Tam bir hezeyan. Koalisyon protokolü hayatın daha da pahalılaşacağı, yoksulluğun artacağı ve benzin fiyatlarının bariz bir şekilde yükseleceğini göstermekte. Ama bundan daha tehlikeli maddeler var. Mesela Wilders sözde camii ve diğer kültür derneklerini kapatma planını rafa kaldırdı ama protokolü incelediğimizde bu derneklere yönelik teftiş uygulamasına başlanılacağı yazıyor. Yani din özgürlüğüne ciddi bir kısıtlama getirilecek. Çocuklara yönelik verilen eğitime devlet müdahale edecek.

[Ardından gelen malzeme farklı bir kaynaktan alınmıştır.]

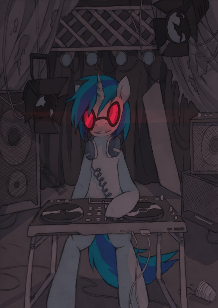 It wasn’t however, everything Vinyl had in store. She downed the energy drink and lit another cigarette, levitating a theremin to her. She put her hoof in its magnetic field, creating an uncanny noise, something between buzzing of a damaged electronic device and cries of a mare who lost her family in some kind of a terrible accident. Vinyl smirked, deciding that it was time for more samples from her dictaphone. Low-quality recordings of a crowd cheering during one of her shows, her own breath and Octavia’s moans during orgasm were all added to the mix, almost unrecognizable after Vinyl merged them together, changing their pitch and distorting them, creating a wicked soundscape consisting of various emotions. Laughter, pity, sadness, arousal, joy, all gathered together in one place.
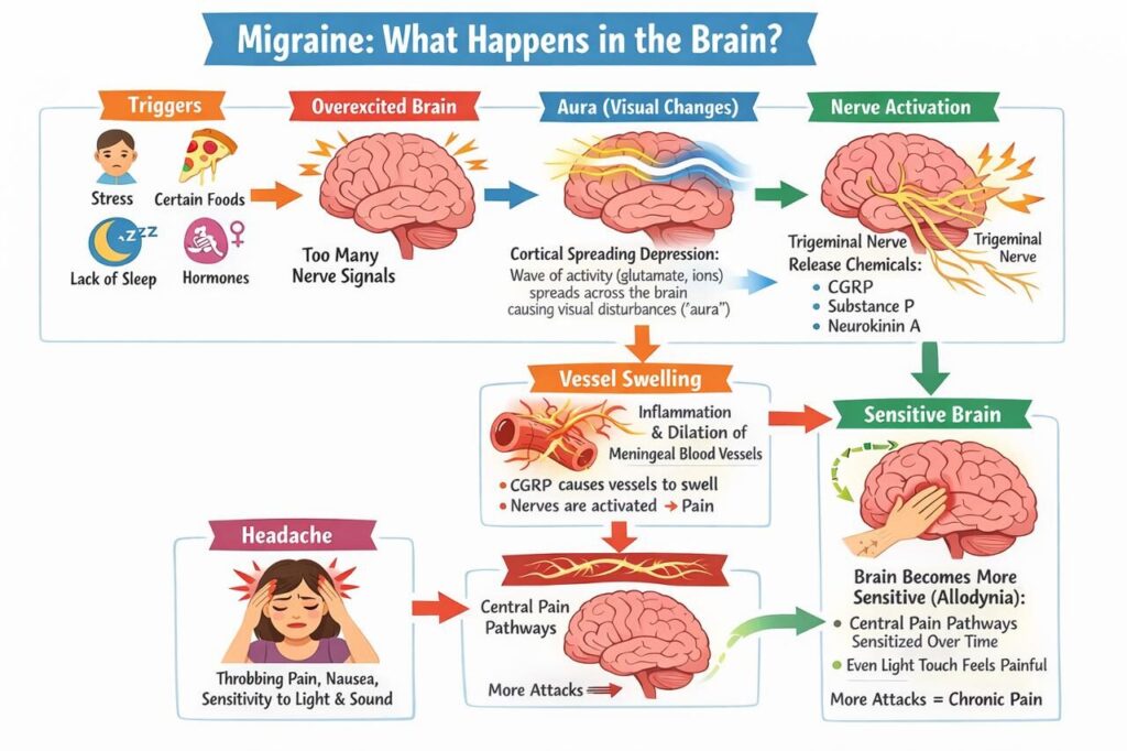 Did you have a headache which felt like your brain is thumping like your heart inside your skull, lights feel like needles, and the slightest sound feels painful? That’s migraine—a condition that’s more than just pain; it is a rollercoaster ride in your brain of the brain’s hidden signals, chemical messengers. It’s our brain barin sending us an SOS. Let’s together unravel the mystery behind this.

Öngörülen yeni yasa ile birlikte camilerde ders veren eğitimcilerden tutun ders kitaplarına kadar devlet karışacak. Bu yasa yürürlüğe girdikten sonra bir sonraki adım ne? Kuran yasağımı? Onu zaman gösterecek ama zamanla dernekleri engelleyici politikalar normalleşecek, yani bir sonraki adım daha da kolaylaşacak.
Aynı zamanda Hollanda’da birçok insanın süresiz oturum izni var. Protokolde süresiz oturum izni uygulamasının sonlandırılacağı yer alıyor. Bu hezeyanı ifade etmek için tüm gazeteyi doldurabiliriz ama peyderpey toplum ile paylaşıyoruz.
– Filistin’de yaşanan soykırıma dikkat çeken, o konuda önerge veren tek partisiniz. Sizin bu hassasiyetiniz mecliste ve kamuoyunda Nasıl bir karşılık buluyor?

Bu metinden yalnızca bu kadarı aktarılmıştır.